卓越した技能者を厚生労働相が表彰する本年度の「現代の名工」に、県関係者四人が選ばれた。このうち叙勲の勲章などを手掛ける造幣局さいたま支局の柴田智之さん(58)=さいたま市大宮区=に、仕事への思いを聞いた。(飯田樹与)
勲章や記章などを制作する造幣局の装金部門一筋約四十年。さいたま支局では初めて現代の名工に選ばれた。「夢の中にいるみたい。職場の代表として受賞させてもらった」。顔をほころばせ、同僚らへの感謝の言葉を口にした。

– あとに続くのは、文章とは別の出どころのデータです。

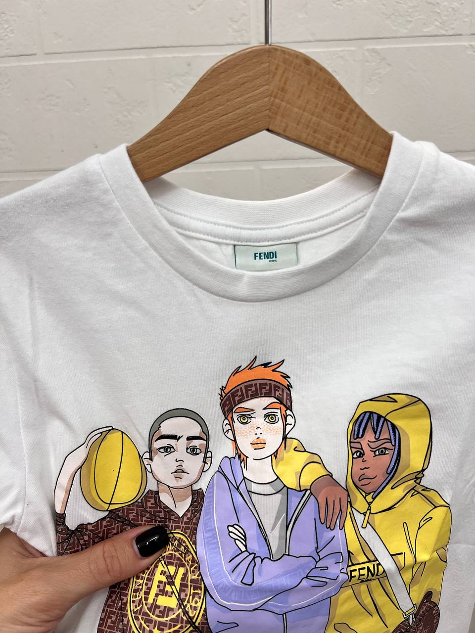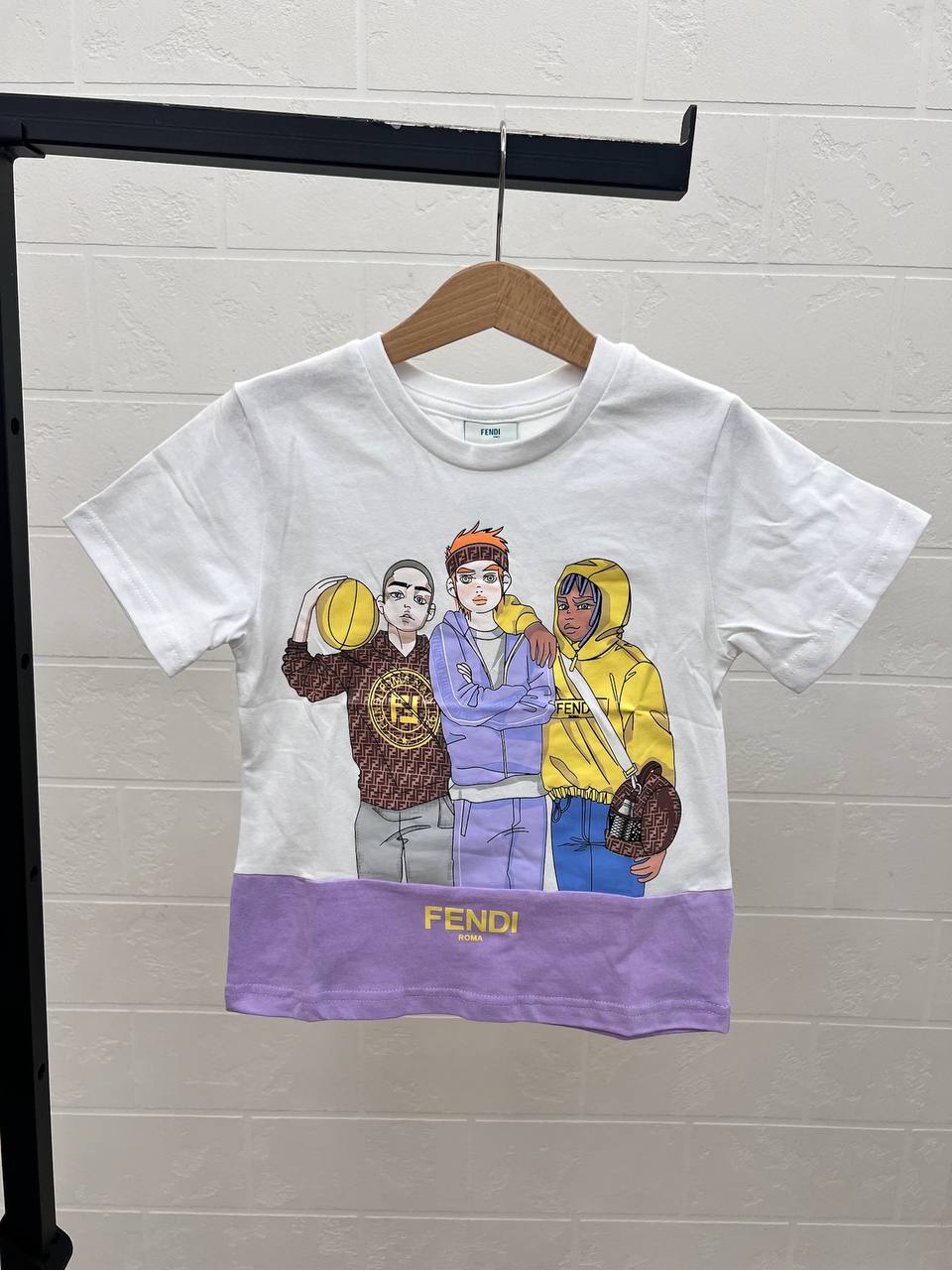 Футболка Fendi LUX-108367 — это стильная футболка от известного бренда, выполненная в ярком и современном стиле. Она сочетает в себе классический крой и интересные дизайнерские решения, делая её отличным выбором для создания модных образов. Футболка выполнена в белом цвете с ярким принтом, а также с элементами фиолетового цвета внизу изделия.

手作業が大好きで、東京都立工芸高校の金属工芸科に入学。天皇陛下から功績者に贈られる勲章を手作りする姿にあこがれて造幣局に就職した。真っすぐにやすりをかけるような単純そうな作業ほど難しく、先輩の職人に早く近づこうと研さんを積んできた。
造幣局では年間三万個の勲章を製造していて、さいたま支局では約三千個を手掛ける。現場トップの柴田さんは、七宝の焼き付け作業でできる薄い膜や汚れ、小さな傷を取り除いたり、パーツを組み立てたりする仕上げの工程を担当。完成品の精度に目を光らせる。高い技能に加え、若手・中堅職人の育成にも力を入れている点も評価された。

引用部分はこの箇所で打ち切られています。